■ Dataset records
========

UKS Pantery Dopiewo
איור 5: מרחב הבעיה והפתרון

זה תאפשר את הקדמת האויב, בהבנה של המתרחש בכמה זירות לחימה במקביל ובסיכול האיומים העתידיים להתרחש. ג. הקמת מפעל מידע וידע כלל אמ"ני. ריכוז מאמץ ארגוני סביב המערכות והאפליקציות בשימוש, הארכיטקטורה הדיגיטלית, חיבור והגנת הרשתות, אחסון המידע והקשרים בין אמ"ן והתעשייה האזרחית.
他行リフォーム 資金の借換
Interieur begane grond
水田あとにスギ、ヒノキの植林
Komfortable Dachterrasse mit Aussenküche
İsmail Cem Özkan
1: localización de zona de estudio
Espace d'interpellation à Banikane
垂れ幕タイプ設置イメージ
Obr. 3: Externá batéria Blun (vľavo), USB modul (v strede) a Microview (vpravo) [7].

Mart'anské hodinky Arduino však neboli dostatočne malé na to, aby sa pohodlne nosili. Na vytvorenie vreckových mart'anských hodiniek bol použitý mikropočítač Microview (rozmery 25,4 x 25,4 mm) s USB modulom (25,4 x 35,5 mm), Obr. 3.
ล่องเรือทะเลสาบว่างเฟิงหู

========

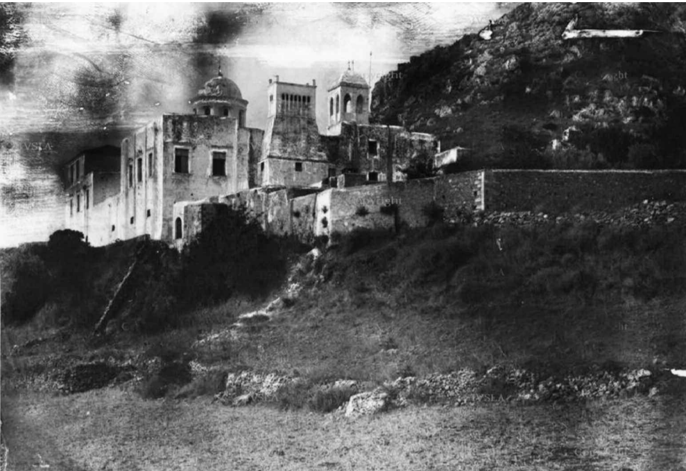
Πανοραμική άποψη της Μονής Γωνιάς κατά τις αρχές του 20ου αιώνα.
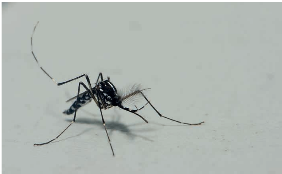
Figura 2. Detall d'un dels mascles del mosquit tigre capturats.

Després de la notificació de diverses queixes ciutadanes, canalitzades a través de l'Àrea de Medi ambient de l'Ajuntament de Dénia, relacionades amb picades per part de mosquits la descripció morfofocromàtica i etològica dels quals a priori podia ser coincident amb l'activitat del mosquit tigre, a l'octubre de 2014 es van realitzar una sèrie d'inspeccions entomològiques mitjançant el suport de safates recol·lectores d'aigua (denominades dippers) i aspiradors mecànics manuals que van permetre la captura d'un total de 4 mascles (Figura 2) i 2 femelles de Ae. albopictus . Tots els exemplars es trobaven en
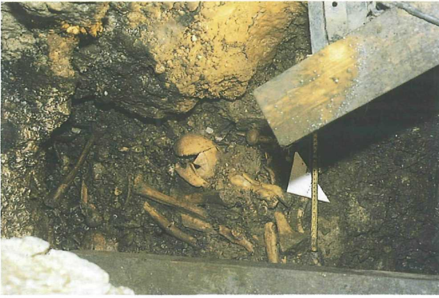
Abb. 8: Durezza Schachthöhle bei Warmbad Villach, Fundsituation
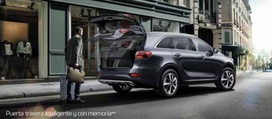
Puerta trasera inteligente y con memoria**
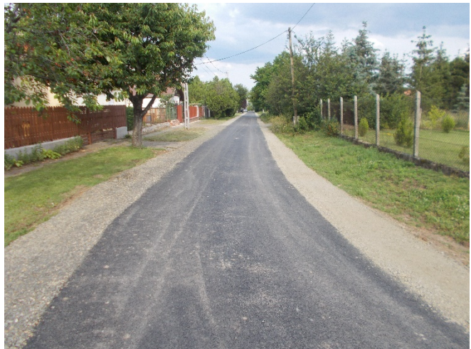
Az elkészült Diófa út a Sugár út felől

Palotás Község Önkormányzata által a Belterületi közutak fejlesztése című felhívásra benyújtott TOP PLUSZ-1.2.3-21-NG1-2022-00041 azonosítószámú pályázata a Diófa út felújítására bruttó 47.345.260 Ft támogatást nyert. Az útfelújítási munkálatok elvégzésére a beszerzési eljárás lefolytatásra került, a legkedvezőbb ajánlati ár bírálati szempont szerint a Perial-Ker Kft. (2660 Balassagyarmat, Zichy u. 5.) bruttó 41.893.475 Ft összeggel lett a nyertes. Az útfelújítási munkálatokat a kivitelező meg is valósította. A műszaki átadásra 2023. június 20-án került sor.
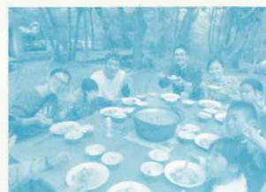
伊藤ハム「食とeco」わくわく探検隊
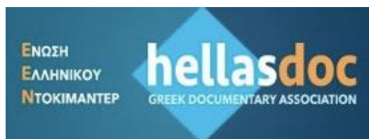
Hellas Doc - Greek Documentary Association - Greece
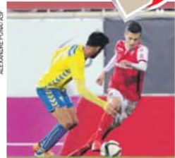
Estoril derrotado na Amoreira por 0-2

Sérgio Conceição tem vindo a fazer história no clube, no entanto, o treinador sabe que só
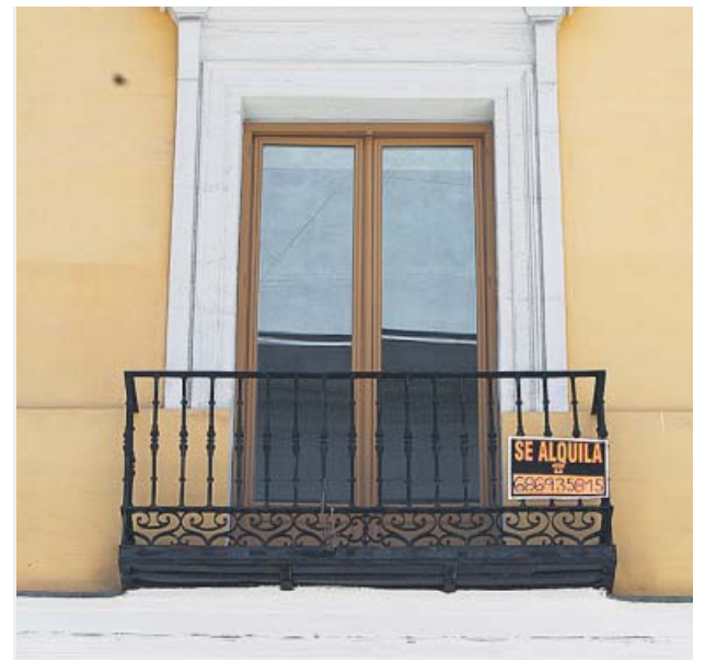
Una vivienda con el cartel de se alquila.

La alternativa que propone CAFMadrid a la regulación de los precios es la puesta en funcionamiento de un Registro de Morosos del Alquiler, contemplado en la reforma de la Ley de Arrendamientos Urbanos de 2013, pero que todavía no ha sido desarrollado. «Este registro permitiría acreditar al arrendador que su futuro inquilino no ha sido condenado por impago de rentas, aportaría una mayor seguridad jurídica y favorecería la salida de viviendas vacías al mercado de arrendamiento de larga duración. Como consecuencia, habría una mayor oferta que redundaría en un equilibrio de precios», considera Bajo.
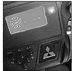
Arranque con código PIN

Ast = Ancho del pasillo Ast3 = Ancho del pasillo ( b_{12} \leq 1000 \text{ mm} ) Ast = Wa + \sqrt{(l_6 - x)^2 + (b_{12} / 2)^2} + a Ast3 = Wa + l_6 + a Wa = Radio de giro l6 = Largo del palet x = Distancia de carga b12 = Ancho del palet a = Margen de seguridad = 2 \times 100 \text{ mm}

========

■ WORK REQUIRED
Could you transcribe the entries above word for word, from the line with "水田あとにスギ、ヒノキの植林" down to the line with "ล่องเรือทะเลสาบว่างเฟิงหู", keeping both?

■ RESULT
水田あとにスギ、ヒノキの植林
Komfortable Dachterrasse mit Aussenküche
İsmail Cem Özkan
1: localización de zona de estudio
Espace d'interpellation à Banikane
垂れ幕タイプ設置イメージ
Obr. 3: Externá batéria Blun (vľavo), USB modul (v strede) a Microview (vpravo) [7].

Mart'anské hodinky Arduino však neboli dostatočne malé na to, aby sa pohodlne nosili. Na vytvorenie vreckových mart'anských hodiniek bol použitý mikropočítač Microview (rozmery 25,4 x 25,4 mm) s USB modulom (25,4 x 35,5 mm), Obr. 3.
ล่องเรือทะเลสาบว่างเฟิงหู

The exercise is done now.